Show Notes

Amanda Alexander is the founding Executive Director of the Detroit Justice Center.

How Black women have built movements and cultivated joy by Amanda Alexander https://www.bostonglobe.com/2021/02/11/opinion/how-black-women-have-built-movements-cultivated-joy/

TRANSCRIPT:

ZAK: My wife does this, a lot, and I don't know how she learned it. But often, she'll be the one in a room to say the thing that other people don't have the courage to say, myself included. And, Amanda Alexander who I'm featuring on the show all week believes that when we see someone do this...When we see someone speak up and act courageously, it's important to go up to them and them them for it.

AMANDA: Yeah, I think back to...I'm a lawyer...and in law school there were these moments where it was often Black woman who would say what needed to be said, We had been talking about a case for 45-minutes and talking around the real issues of race or white supremacy or all of that and then there would be the person would just cut through it all and say what so many people were thinking and feeling and it being important to go over to that person, you know, or in the moment, in front of everyone, building on that comment so that it's something that's affirmed right there in-front of everybody else. And just standing alongside that person and I think that there can never be enough people who are saying what needs to be said and so, just affirming that courage when we see it and when we hear it.

ZAK: Yeah, this should be taught in schools. Like, what an important life-skill this is, to affirm someone else's courage and to practice it yourself when you can. And we're not taught that.

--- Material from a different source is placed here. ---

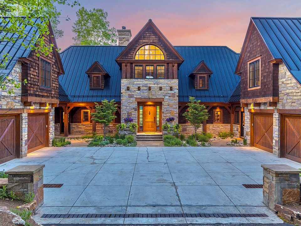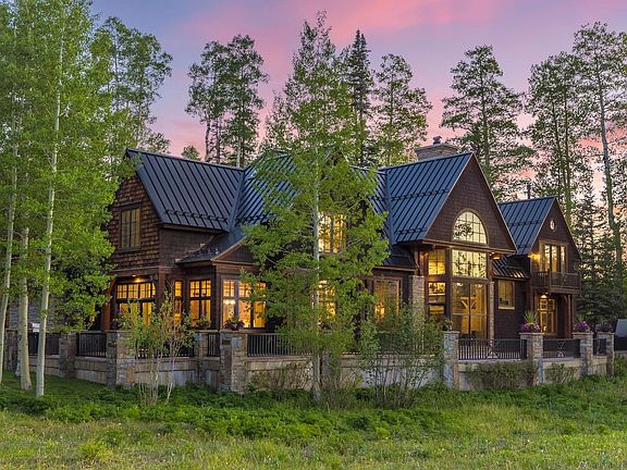 Discover unparalleled mountain living in this exquisitely refined 7-bedroom home, ideally situated adjacent to 26 acres of open space and the Galloping Goose ski trail. Enjoy sweeping 180-degree views of the Sneffels Range framed by expansive floor-to-ceiling windows that also highlight tranquil willows, spruce, and aspen. Recently updated with contemporary furnishings, new kitchen countertops, luxurious bathrooms, and a remodeled apartment and media room, this classic gabled retreat is perfect for families or entertaining guests. Embrace the convenience of ski-in/ski-out access to Bridges or Galloping Goose. Additional features include an office, rec room, custom dog wash, and a 4-car garage with ample storage. A spacious patio with a hot tub beckons for relaxation.

AMANDA: Yeah, it's a micro-thing and I think that I learned it from a friend of mine who is just really good at that and it was a law school friend who just modeled that really well and I saw the way that their, um, affirming that courage it made it ripple. You know? So, suddenly you have not just courageous individuals but a whole community of people who are emboldened by each other's courage.

ZAK: Yeah. Yeah. Courage is contagious.

AMANDA: Yeah. I mean I think it's really then creating a culture of courage.

ZAK: All week on The Best Advice Show, I'm featuring Amanda's advice. She first collected it in the Boston Globe in a piece entitled, How Black Woman Have Built Movements and Cultivated Joy. This is part 3 of Amanda week and I'm excited to bring you two more episodes, tomorrow and Friday. Thank you so much for listening. Thank you for thanking the brave ones among you.